Inivata’s proprietary technology represents a new generation of non-invasive molecular profiling from a simple blood draw that is poised to impact the major aspects of a patient’s care including diagnosis, prognosis, treatment stratification and response monitoring. The test, which allows precise analysis of cancer-related mutations present in ctDNA, is designed to provide oncologists with clinically actionable genomic information to guide therapy selection, monitor treatment progress and, importantly, detect new mutations as they emerge. The genomic analysis of ctDNA has the potential to transform cancer care and resolve many of the limitations inherent in current tissue-based testing protocols that are highly invasive and are not amenable to serial monitoring in routine practice. Inivata’s platform is based on pioneering research from the Rosenfeld Lab at the Cancer Research UK Cambridge Institute (CRUK-CI) and to date, Inivata has demonstrated putative clinical utility of enhanced TAm-Seq through published clinical work presented at multiple cancer conferences in the fall of 2015.

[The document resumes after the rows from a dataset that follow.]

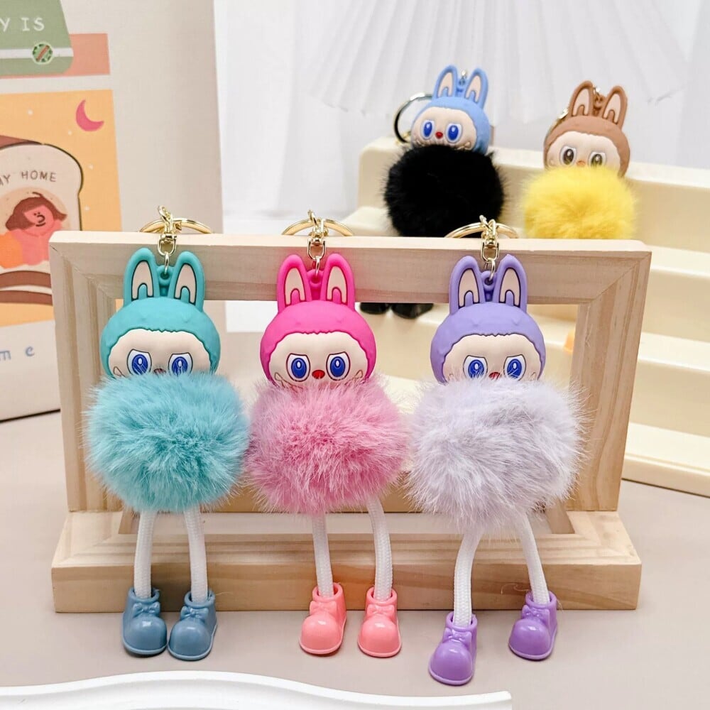 もふもふの毛玉がチャームポイント!labubu ラブブ 毛玉 ポンポン キーホルダー ぶら下がり マスコット もふもふ ギフト
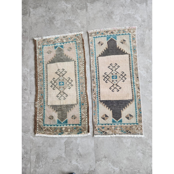 Traditional Handwoven Oushak Wool Yastik Bath Mats - a Pair
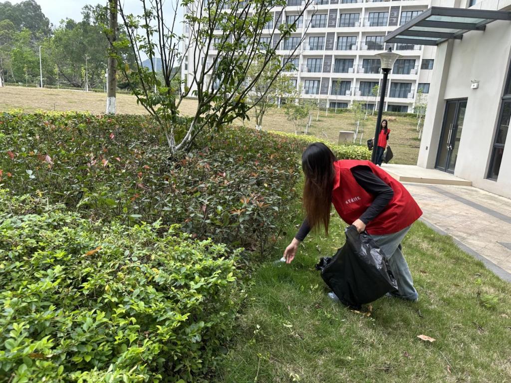 志愿者清理校园垃圾
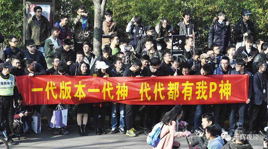 随着红毯时间的临近,现场的粉丝们也逐渐多了起来,在众多的粉丝团当中,尤以P神的粉丝团最为庞大,除了上图这款横幅之外,他们还准备了海报、手幅、LED灯版等道具来为自己的偶像呐喊助威。

"We have been impressed with the results thus far from Inivata’s initial clinical studies that highlight the sensitivity and accuracy of the Company’s ctDNA platform. Inivata is already working with a strong network of clinicians in both Europe and the United States and this new funding will allow the company to accelerate its clinical validation and commercialization efforts," said Robert Tansley of Cambridge Innovation Capital.